[Data entries]
+ + + + +

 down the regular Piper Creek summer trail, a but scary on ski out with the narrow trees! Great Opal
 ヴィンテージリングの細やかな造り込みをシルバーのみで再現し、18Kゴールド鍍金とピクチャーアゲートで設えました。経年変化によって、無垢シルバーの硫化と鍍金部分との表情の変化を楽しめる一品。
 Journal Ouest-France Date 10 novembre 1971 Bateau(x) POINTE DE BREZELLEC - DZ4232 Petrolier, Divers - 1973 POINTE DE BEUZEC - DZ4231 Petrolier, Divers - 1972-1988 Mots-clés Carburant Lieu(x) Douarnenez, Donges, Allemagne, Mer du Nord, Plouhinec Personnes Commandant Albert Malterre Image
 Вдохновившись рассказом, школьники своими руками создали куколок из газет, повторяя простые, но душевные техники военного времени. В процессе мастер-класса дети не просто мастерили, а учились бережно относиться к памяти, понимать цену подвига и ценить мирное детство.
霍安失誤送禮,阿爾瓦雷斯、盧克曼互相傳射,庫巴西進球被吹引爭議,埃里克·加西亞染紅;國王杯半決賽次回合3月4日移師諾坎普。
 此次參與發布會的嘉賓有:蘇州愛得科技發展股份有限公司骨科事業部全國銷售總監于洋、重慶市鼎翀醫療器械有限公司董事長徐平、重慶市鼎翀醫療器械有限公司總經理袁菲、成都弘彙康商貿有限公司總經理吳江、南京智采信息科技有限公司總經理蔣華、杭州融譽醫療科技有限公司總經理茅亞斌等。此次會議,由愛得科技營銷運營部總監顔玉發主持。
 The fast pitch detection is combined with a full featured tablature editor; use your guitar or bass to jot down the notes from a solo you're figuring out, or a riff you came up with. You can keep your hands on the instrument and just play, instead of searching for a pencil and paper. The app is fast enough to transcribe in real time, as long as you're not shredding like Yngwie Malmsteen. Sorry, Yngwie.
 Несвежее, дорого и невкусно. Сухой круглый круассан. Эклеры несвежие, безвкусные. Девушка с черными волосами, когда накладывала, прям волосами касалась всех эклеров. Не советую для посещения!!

+ + + + +

Return only the lines above that run from the opening line through the line containing "Journal Ouest-France Date", exactly as written.

# Answer box
 down the regular Piper Creek summer trail, a but scary on ski out with the narrow trees! Great Opal
 ヴィンテージリングの細やかな造り込みをシルバーのみで再現し、18Kゴールド鍍金とピクチャーアゲートで設えました。経年変化によって、無垢シルバーの硫化と鍍金部分との表情の変化を楽しめる一品。
 Journal Ouest-France Date 10 novembre 1971 Bateau(x) POINTE DE BREZELLEC - DZ4232 Petrolier, Divers - 1973 POINTE DE BEUZEC - DZ4231 Petrolier, Divers - 1972-1988 Mots-clés Carburant Lieu(x) Douarnenez, Donges, Allemagne, Mer du Nord, Plouhinec Personnes Commandant Albert Malterre Image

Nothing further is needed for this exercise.